Demokrasi dan Problem Konsensus


Demokrasi dan Problem Konsensus

Oleh Ulil Abshar-Abdalla
Keadaan di mana kita hidup sekarang ini agak mendekati gambaran yang dibayangkan mazhab konflik. Makin besar pengaruh politik identitas saat ini, makin besar pula kemungkinan munculnya sejumlah konflik, baik yang terang-terangan atau tersembunyi. Dan tampaknya, konflik yang dimotivasikan oleh identitas yang sempit itu juga kian susah didamaikan. Saya khawatir, situasi yang akan terjadi di masa mendatang sebagai akibat dari merebaknya politik identitas ini ialah bukannya tercapainya konsensus rasional seperti yang dibambarkan oleh teori demokrasi liberal-pluralis, tetapi kondisi yang mirip-mirip hegemoni – yakni kelompok tertentu memaksakan “identitas” tertentu kepada kelompok lain yang berbeda.

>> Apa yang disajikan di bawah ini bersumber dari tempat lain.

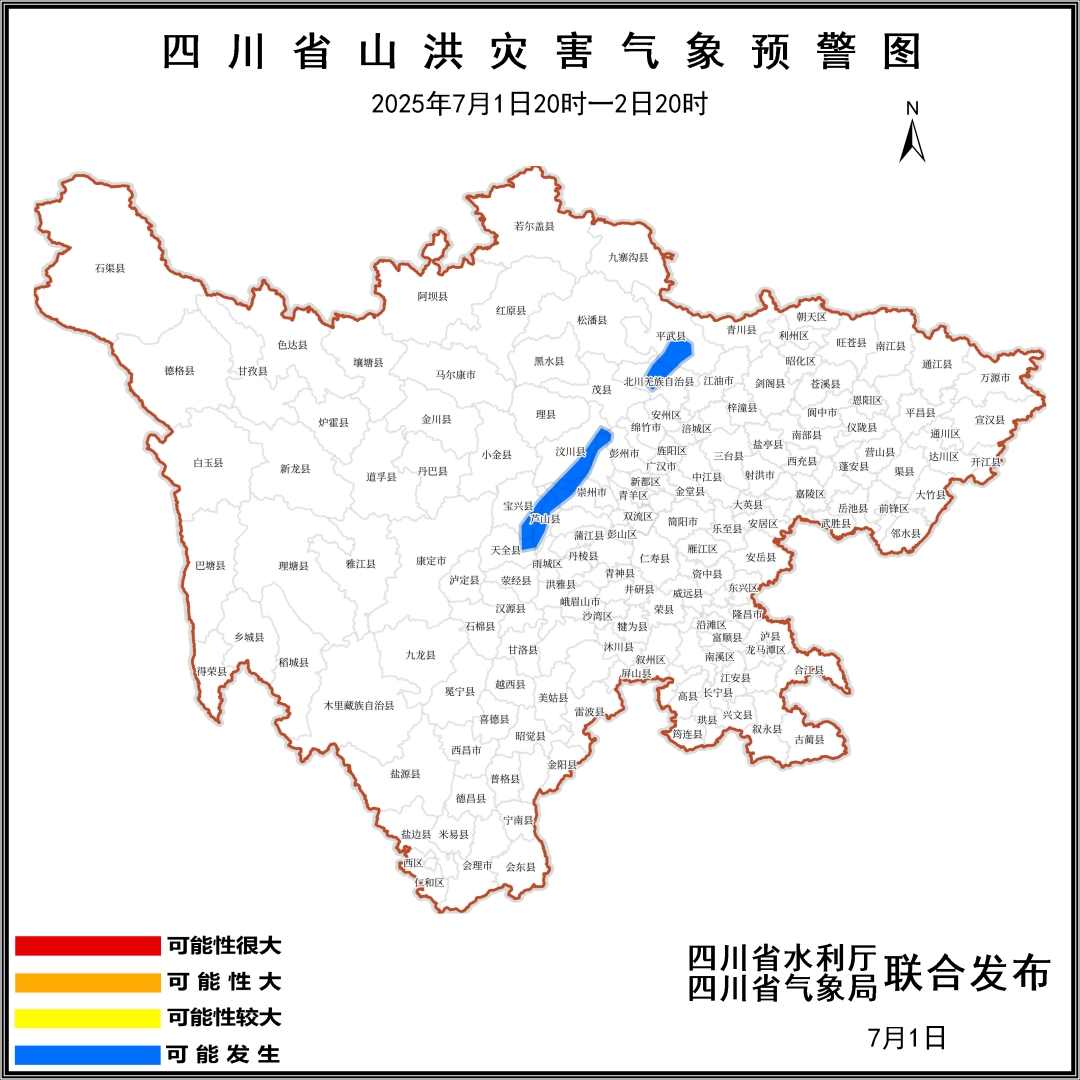 预警显示,2025年7月1日20时至2日20时,雅安市芦山、天全、宝兴,阿坝州汶川,绵阳市北川、平武,成都市都江堰、大邑、彭州、崇州等10个县(市、区)可能发生山洪灾害。

Salah satu problem besar yang mengganggu para ahli teori politik modern adalah bagaimana konsensus bisa dicapai dalam sebuah masyarakat. Atau lebih mendasar lagi, apakah konsensus bisa dicapai?
Berhadapan dengan pertanyaan besar ini, ilmu sosiologi modern yang sejumlah asumsinya banyak mempengaruhi perkembangan teori-teori ilmu politik modern terpecah menjadi dua mazhab besar. Yang pertama, mazhab konsensus. Mazhab ini menjawab dengan tegas bahwa konsensus bisa dicapai dalam masyarakat. Tugas ilmu politik adalah bagaimana merumuskan cara yang efektif untuk mencapai konsensus itu. Teori demokrasi liberal-pluralis adalah satu usaha untuk menjawab bagaimana konsensus semacam itu mungkin dan bisa dicapai.

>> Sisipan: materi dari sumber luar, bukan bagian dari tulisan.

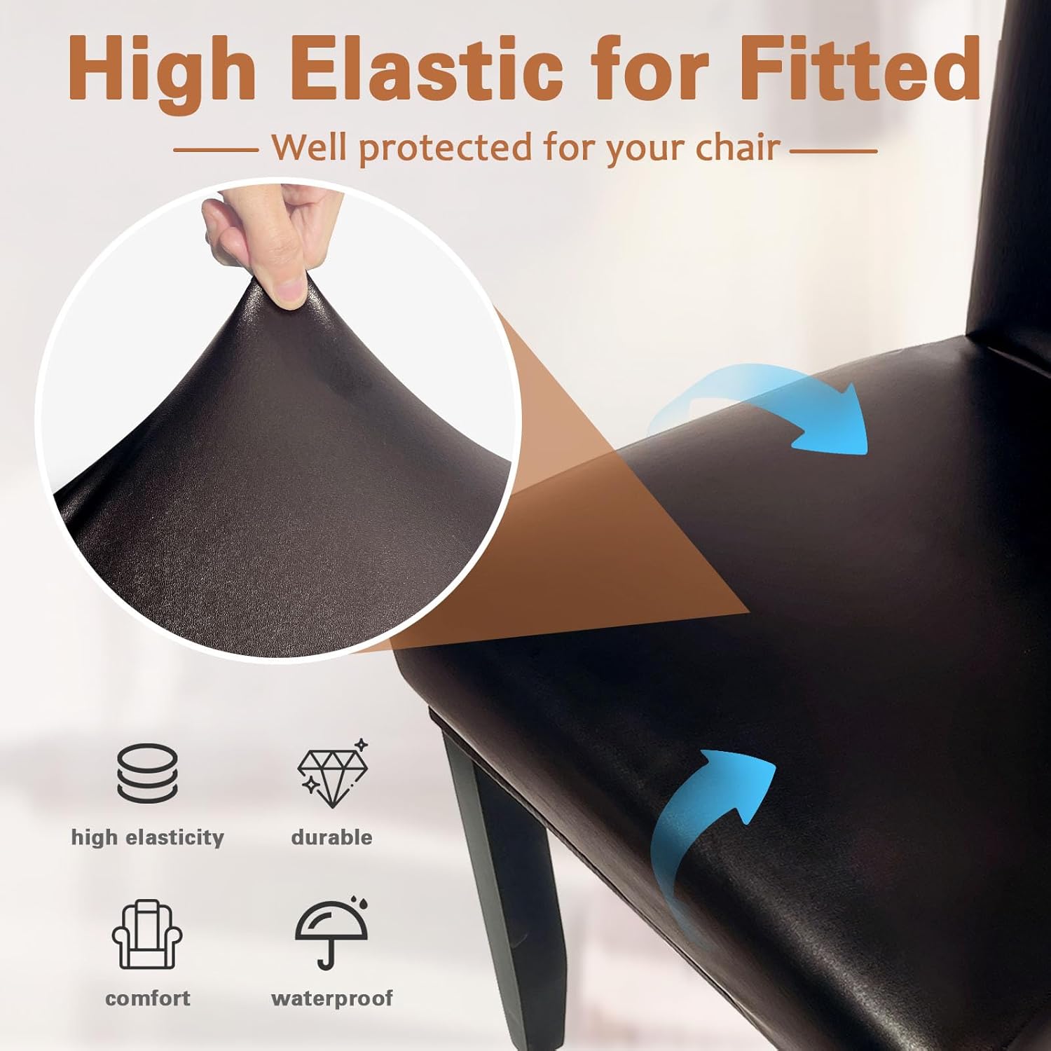 Softer & Elastic Leather: Lufyzora Brown chair covers leather for dining chairs are made from a high-quality faux leather, thickened and high elasticity, allows it to adapt effortlessly to your chairs and quickly recover when stretched. Leather may will has a slight smell when it is first opened, and it will disappear about one day

Yang kedua adalah mazhab konflik. Mazhab terakhir ini berpandangan bahwa konsensus jarang bisa dicapai dalam masyarakat, untuk tidak mengatakan sulit sama sekali. Karakter dasar kehidupan sosial adalah konflik atau pertentangan kepentingan yang “tiada kunjung padam” antara pelbagai kelas sosial yang berbeda-beda. Bagi mereka, janji tentang kemungkinan tercapainya konsensus dalam masyarakat yang plural melalui proses “deliberasi” atau musyawarah antara sejumlah subyek yang rasional, seperti diasumsikan oleh mazhab pertama itu, hanyalah fantasi belaka. Kritik mazhab konflik terhadapk mazhab konsensus: yang terakhir ini sengaja abai, atau bersikap seperti burung onta, terhadap fakta sosial yang keras, yakni adanya konflik-konflik yang tak terkompromikan dalam masyarakat.
Sejauh ini, mazhab konsensus lebih dominan dalam kajian ilmu politik modern. Teori tentang demokrasi liberal-pluralis yang banyak dianut sekarang ini banyak dipengaruhi oleh asumsi-asumsi yang dianut oleh mazhab konsesus.

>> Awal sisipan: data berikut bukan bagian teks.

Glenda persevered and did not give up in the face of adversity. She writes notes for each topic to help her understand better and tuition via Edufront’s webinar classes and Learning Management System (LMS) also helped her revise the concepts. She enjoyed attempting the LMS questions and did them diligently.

Kalau mau diringkaskan, model kepolitikan yang digambarkan oleh demokrasi liberal-pluralis adalah sebagai berikut. Dalam sebuah masyarakat politik (polity), kita selalu berjumpa dengan beragam golongan dengan kepentingan sosial yang berbeda-beda. Kepentingan ini harus ditampung. Tugas partai politik atau lembaga-lembaga penyalur kepentingan yang lain adalah menampung kepentingan itu (apa yang oleh Chantal Mouffe disebut sebagai “aggregative politics”). Pelbagai ragam kepentingan ini harus “ditumpahkan” di sebuah tempat yang terpusat, untuk diadu dan dinegosiasikan satu dengan yang lain; dan dari proses saling adu itu muncullah konsesus bersama. Tempat itu adalah parlemen. Parlemen, dalam konsepsi teori demokrasi liberal-pluralis, adalah wadah di mana segala ragam kepentingan yang saling bertentangan bisa dipertemukan melalui proses deliberasi rasional yang disebut dengan musyawarah.
Dalam konsepsi semacam ini, segala bentuk aspirasi yang ekstrem akan bisa ditumpulkan dan dimoderasikan melalui proses deliberatif-rasional di parlemen itu. Konsensus pada akhirnya tak terhindarkan, karena alasan yang sederhana. Yakni, masing-masing golongan atau individu yang diwakili oleh golongan itu bertindak atas dasar dorongan kepentingan pribadi yang rasional (self-interest).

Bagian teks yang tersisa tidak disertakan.